3. Computer storage system.

1. Symmetric multiprocessor SMP

In addition to the MMU and registers (close to the CPU's working cycle), etc., the CPU also has a CPU core, which is specifically designed to process data. A CPU has multiple cores that can be used to run your code in parallel. Many companies in the industry use multiple CPUs. This structure is called a symmetric multiprocessor.

2. Principle of program locality

Spatial locality:

A program is composed of instructions and data. Spatial locality means that after one data is accessed, other data very close to the data may also be accessed subsequently.

Time locality:

Generally speaking, when a program is executed, it may be accessed soon. The same principle applies to data. Once a piece of data is accessed, it is likely to be accessed again.

It is precisely because of the existence of program locality that, generally speaking, we need to cache data whether it is considered from the perspective of spatial locality or temporal locality.

Expanded knowledge:

Since the register storage space inside the CPU is limited, memory is used to store data. However, since the speed of the CPU and the speed of the memory are not at the same level at all, so in processing Most of them are waiting when the data is returned (the CPU needs to fetch a piece of data from the memory, and it can be processed in one rotation of the CPU, while the memory may need to rotate 20 times). In order to improve efficiency, the concept of caching emerged.

Now that we know the principle of locality of the program, we also know that in order to obtain more space, the CPU actually uses time to exchange space, but the cache can directly let the CPU get the data, saving time, so When it comes to caching, it means using space to exchange time.

3. Even if you enter the storage system

　　　　　　　　　　　　　　　　　　　　　　　　　　　　　　　　　　　　　　　　　　　　　　　　　　　　　　　　　　　　　　　　　　　　　　　　　　　　　　　　　　　　uku\\

Friends who work during working hours may have seen tape drives, and now they are basically all Many companies are using hard disks to replace tape drives, so let’s look at the structure of the home computer we are most familiar with. The data is different from the last time it was stored. We can give a simple example. There is a big gap between their weekly storage cycles. Particularly obvious is the mechanical hard drive and memory. The gap between the two in terms of access is quite large.

Expand some knowledge:

Compared with your home desktop or laptop, you may have dismantled it yourself and talked about mechanical hard drives, solid-state drives or memory, etc. But maybe you haven't seen the cache physical device, but it is actually on the CPU. So there may be some blind spots in our understanding of it.

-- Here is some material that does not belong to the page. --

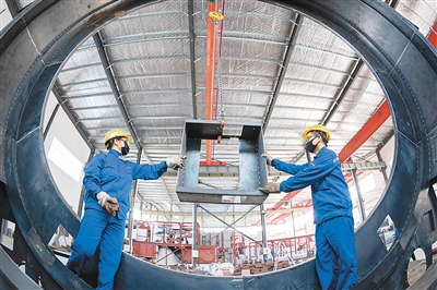 今年以來,江蘇省海安市在科學(xué)防控疫情的同時,及時為企業(yè)解難紓困,幫助民營企業(yè)迅速恢復(fù)產(chǎn)能、拓展國內(nèi)外市場,保持經(jīng)濟(jì)平穩(wěn)運(yùn)行,確保務(wù)工人員有崗上、有活干、有錢賺。圖為5月17日,在海安市白甸鎮(zhèn)一企業(yè)車間內(nèi),工人在趕制建材裝備訂單。翟慧勇攝(人民視覺)
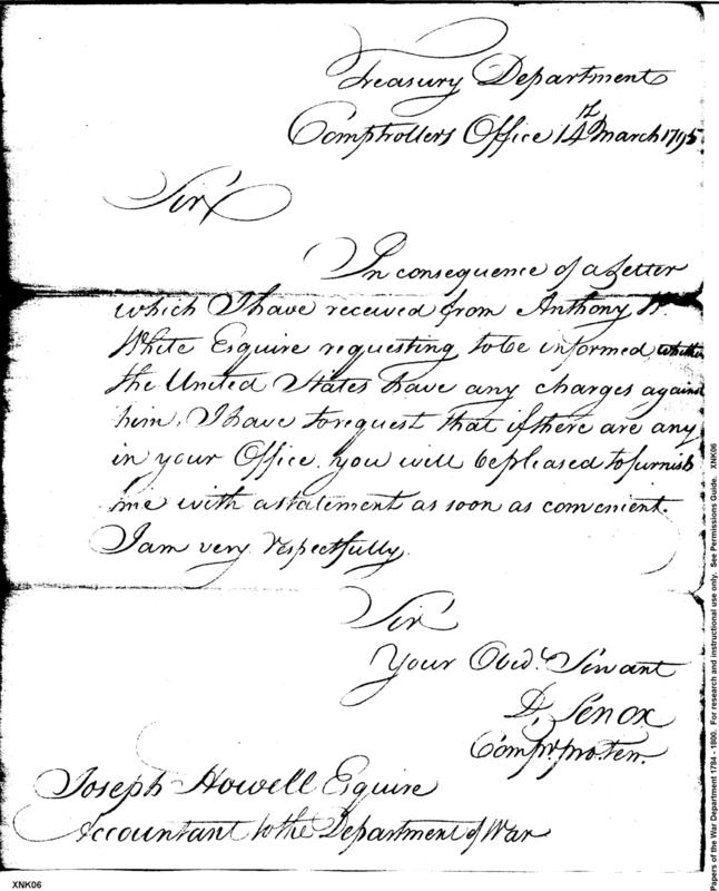 - In source: Collection: Post Revolutionary War Papers, 1784-1815. (RG94)

Let’s talk about the first-level cache and headphone cache. When their CPU fetches data there, the time period is basically not very long, because both the first-level cache and the second-level cache are internal resources of the CPU core. (Under the same hardware conditions, the market price of 128k L1 cache may be around 300 yuan, the market price of 256k L1 cache may be around 600 yuan, and the market price of 512k L1 cache may be over four digits. You can refer to JD.com for the specific price. This is enough to show that the cost of cache is very high!) At this time, you may ask what about the third-level cache? In fact, the third-level cache is the space shared by multiple CPUs. Of course, multiple CPUs also share memory.

　　　　　　　　　　　　　　　　　　　　　　　　　　　　　　　　　　　　　　　　　　　　　　　　　　　　　　　　　　　　　　　　　　　　　　　　　　　　　　　　　　　die | 4. Non-uniform memory access (NUMA)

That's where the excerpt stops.